╔══

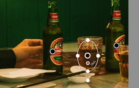 建径向渐变蒙版,人物手,啤酒等主体适当提亮,建立一个大的径向渐变蒙版,主体整体提亮,增加对比。
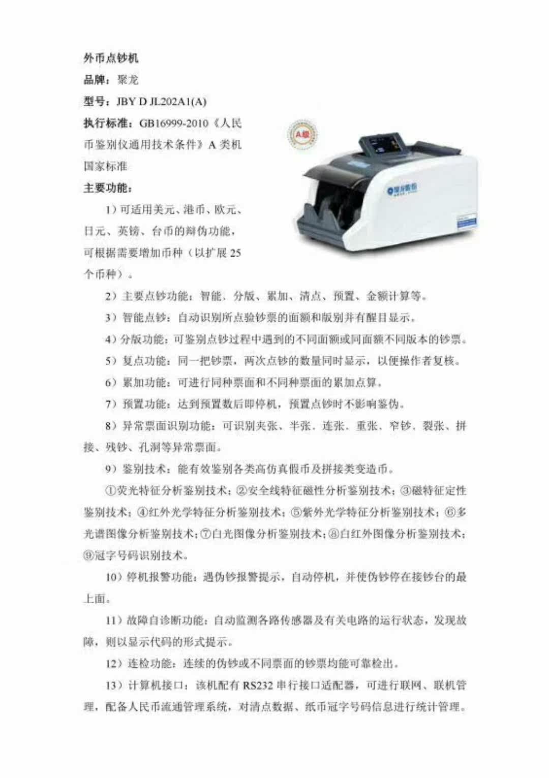 聚龙 Штрафная машина в иностранной валюте JBY D JL202A1 (A)
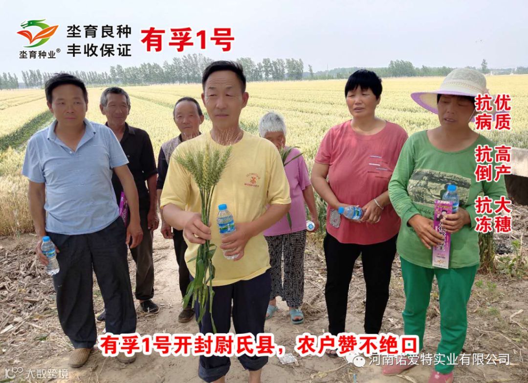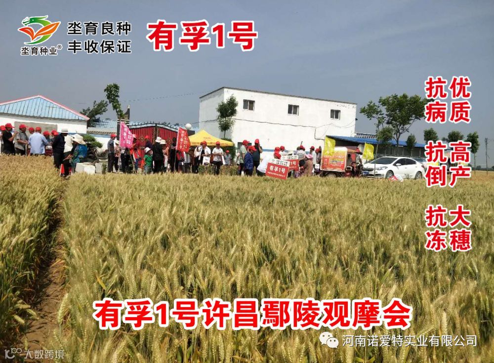 在这充满麦香的季节里,河南省坔育种业有限公司为回报广大经销商,秉承一颗为民为农的赤诚之心,在河南、安徽、山东、河北、江苏等地陆续发起了【有孚1号五月观摩展】,大小观摩会遍地开花,所到之处,人见人夸,[有孚1号]优质,高产,大穗,抗倒,抗病,抗冻六大特点,在2019年为各位经销商、代理商、种植户打了一场漂亮仗。
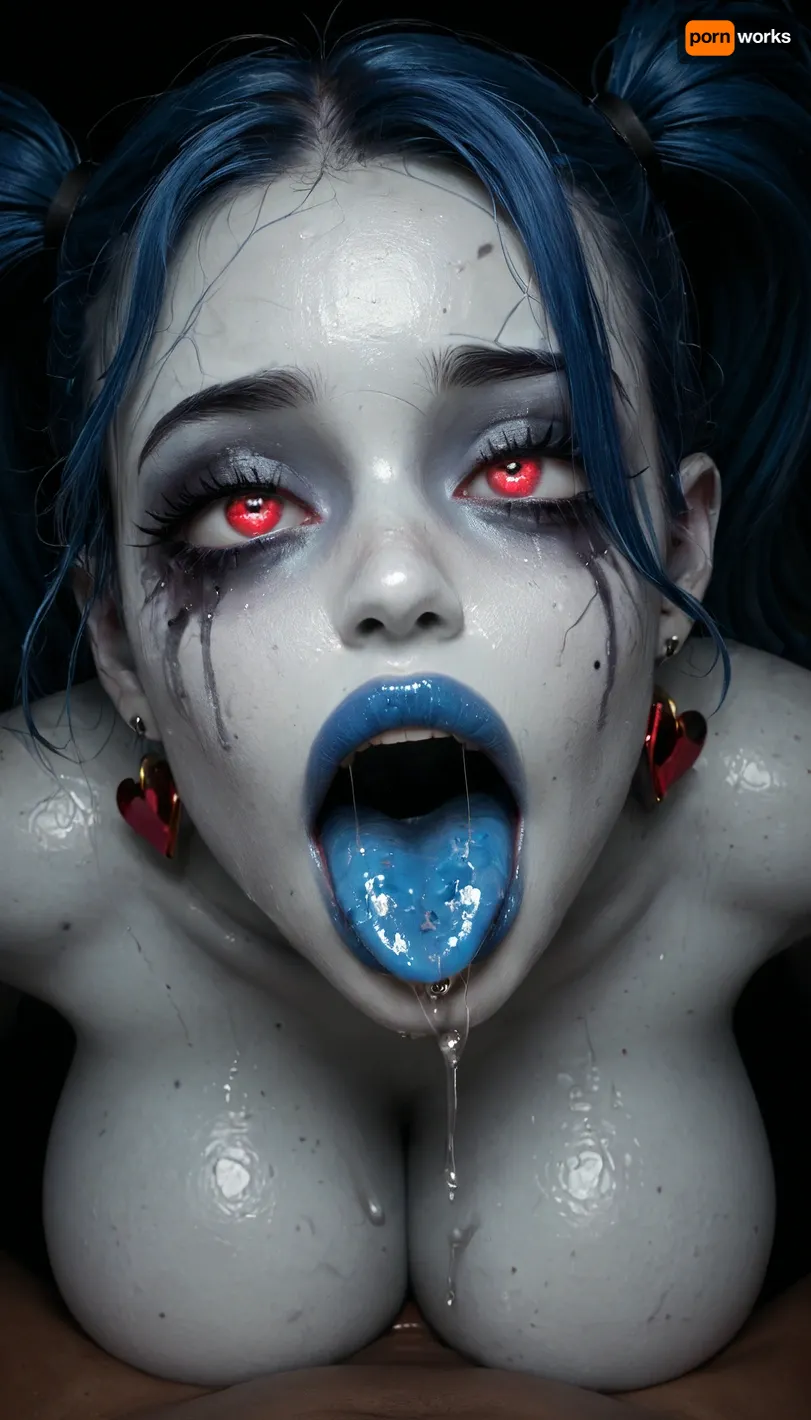 1girl, blue hair, blue eyes, white skin, (zombie skin), zombie, zombie makeup, (pale skin:1), (face close up), blue tongue out, lots of spit, saliva dripping down, ahegao, orgasm, sweating, red heart eyes, top down view, on knees, massive breasts, blue lipstick, twintails, ruined, makeup, <lora:xl_mega_twin_drills-1.0:.5>, <lora:dark:.6>, <lora:dvr-shrp:.8>, <lora:Image Enhancer XL Extreme v1:.8>, <lora:Rawfully Stylish v0.2_epoch_20:.7>
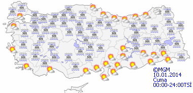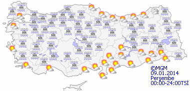 Meteoroloji, gece ve sabah saatlerinde kuzey, iç ve doğu kesimlerinde buzlanma ve don olayı ile birlikte yer yer yoğun olmak üzere sis ve pus beklendiğine dikkat çekerken, ulaşımda aksamalar gibi meydana gelebilecek olumsuzluklara karşı dikkatli ve tedbirli olunması gerektiğini bildirdi.
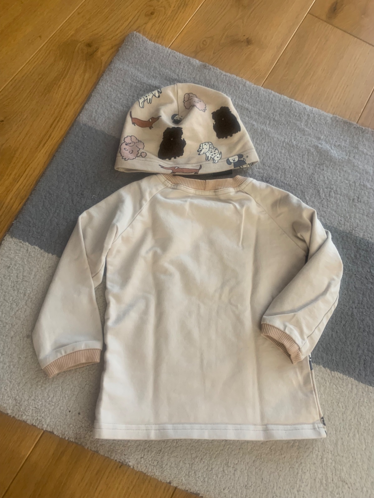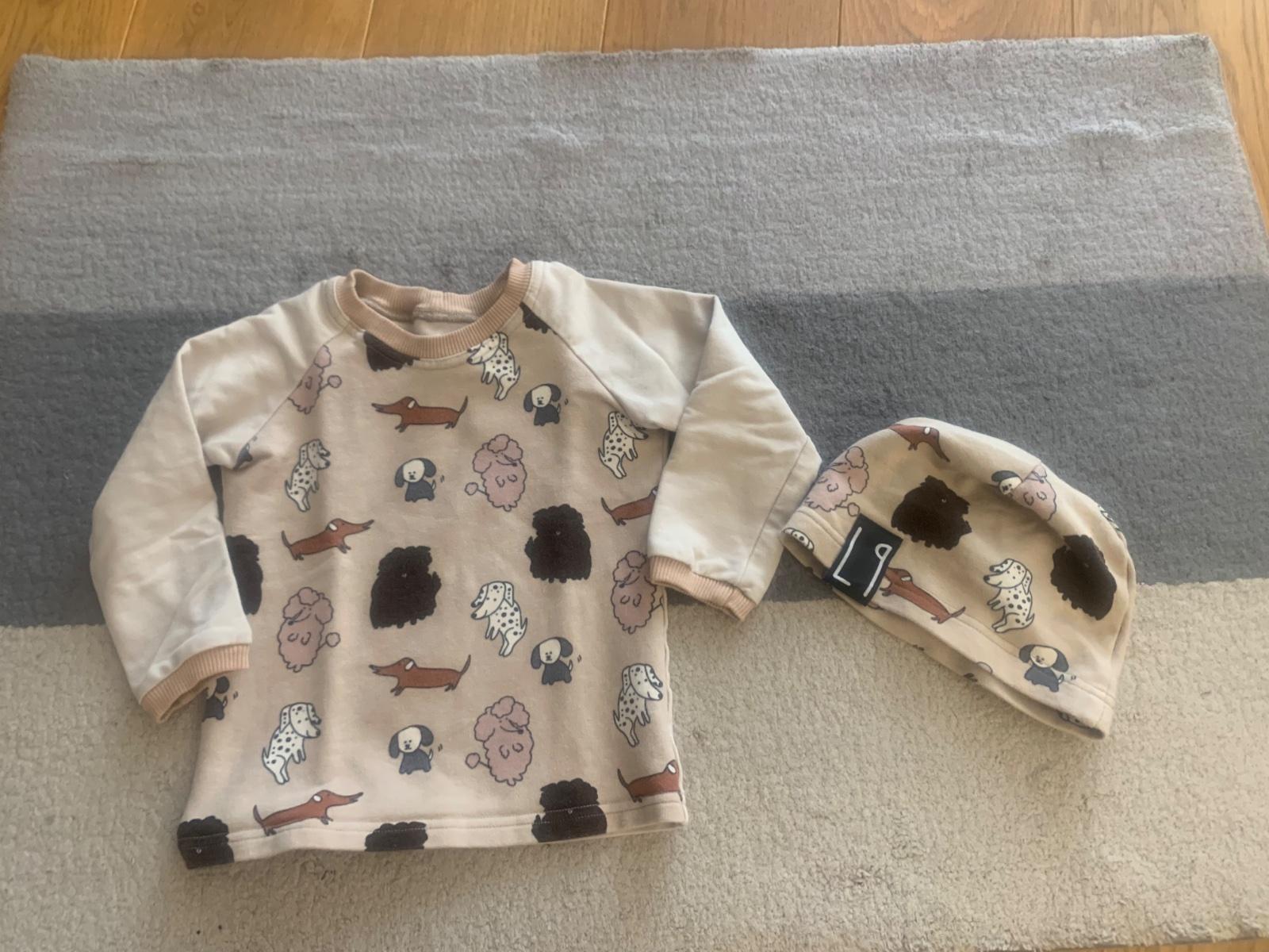 dobrý stav, mikina 80, čiapka veľkosť S, syn nosil okolo roka, roka a pol
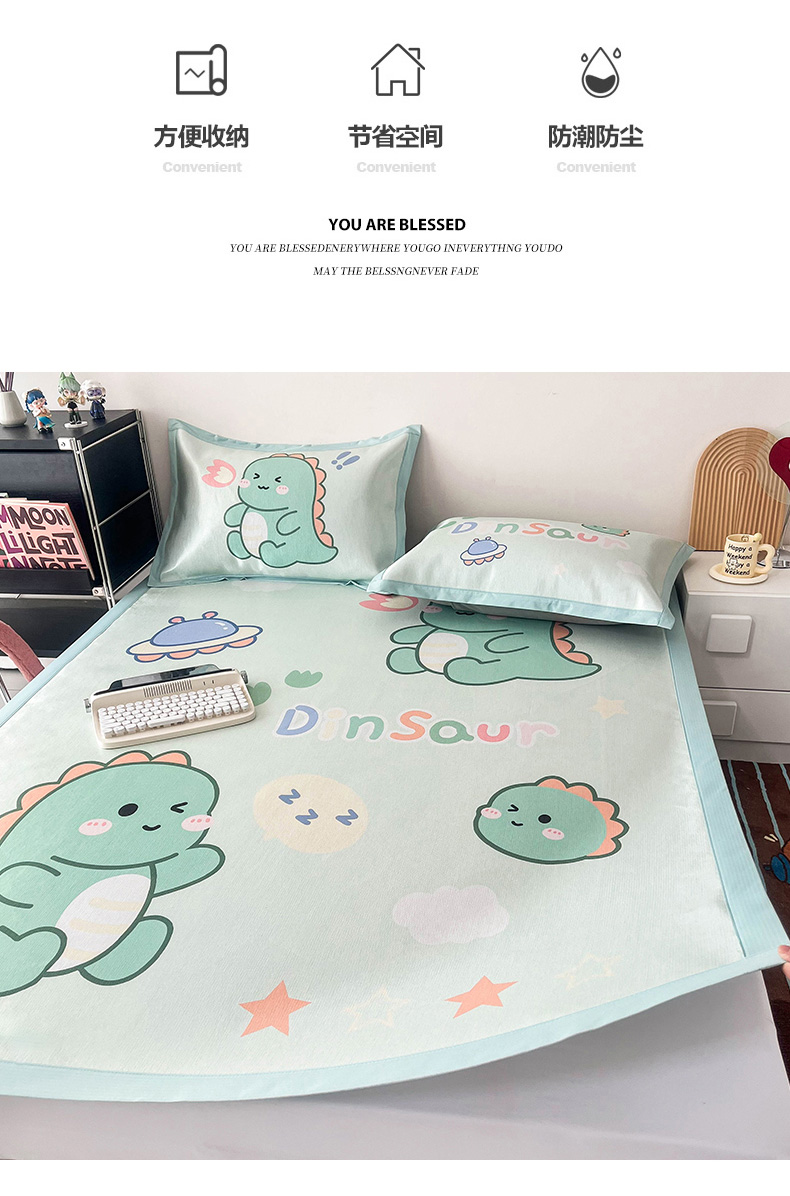 倾慕家纺 800D数码大版冰丝凉席 恐龙宝宝
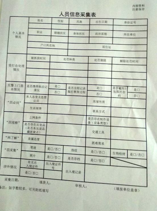 【明慧网二零一九年十二月二十五日】〖大陆来稿〗这是中共派出所警察非法到一位法轮功学员家强制采集个人信息要求填的表。所谓的“四必问”、“四采集”、“四观察”是明目张胆的侵犯公民的隐私权利。

╚══

— How to complete this task —
Give every record again word for word, pictures excluded.

— Answer to this exercise —
 建径向渐变蒙版,人物手,啤酒等主体适当提亮,建立一个大的径向渐变蒙版,主体整体提亮,增加对比。
 聚龙 Штрафная машина в иностранной валюте JBY D JL202A1 (A)
 在这充满麦香的季节里,河南省坔育种业有限公司为回报广大经销商,秉承一颗为民为农的赤诚之心,在河南、安徽、山东、河北、江苏等地陆续发起了【有孚1号五月观摩展】,大小观摩会遍地开花,所到之处,人见人夸,[有孚1号]优质,高产,大穗,抗倒,抗病,抗冻六大特点,在2019年为各位经销商、代理商、种植户打了一场漂亮仗。
 1girl, blue hair, blue eyes, white skin, (zombie skin), zombie, zombie makeup, (pale skin:1), (face close up), blue tongue out, lots of spit, saliva dripping down, ahegao, orgasm, sweating, red heart eyes, top down view, on knees, massive breasts, blue lipstick, twintails, ruined, makeup, <lora:xl_mega_twin_drills-1.0:.5>, <lora:dark:.6>, <lora:dvr-shrp:.8>, <lora:Image Enhancer XL Extreme v1:.8>, <lora:Rawfully Stylish v0.2_epoch_20:.7>
 Meteoroloji, gece ve sabah saatlerinde kuzey, iç ve doğu kesimlerinde buzlanma ve don olayı ile birlikte yer yer yoğun olmak üzere sis ve pus beklendiğine dikkat çekerken, ulaşımda aksamalar gibi meydana gelebilecek olumsuzluklara karşı dikkatli ve tedbirli olunması gerektiğini bildirdi.
 dobrý stav, mikina 80, čiapka veľkosť S, syn nosil okolo roka, roka a pol
 倾慕家纺 800D数码大版冰丝凉席 恐龙宝宝
 【明慧网二零一九年十二月二十五日】〖大陆来稿〗这是中共派出所警察非法到一位法轮功学员家强制采集个人信息要求填的表。所谓的“四必问”、“四采集”、“四观察”是明目张胆的侵犯公民的隐私权利。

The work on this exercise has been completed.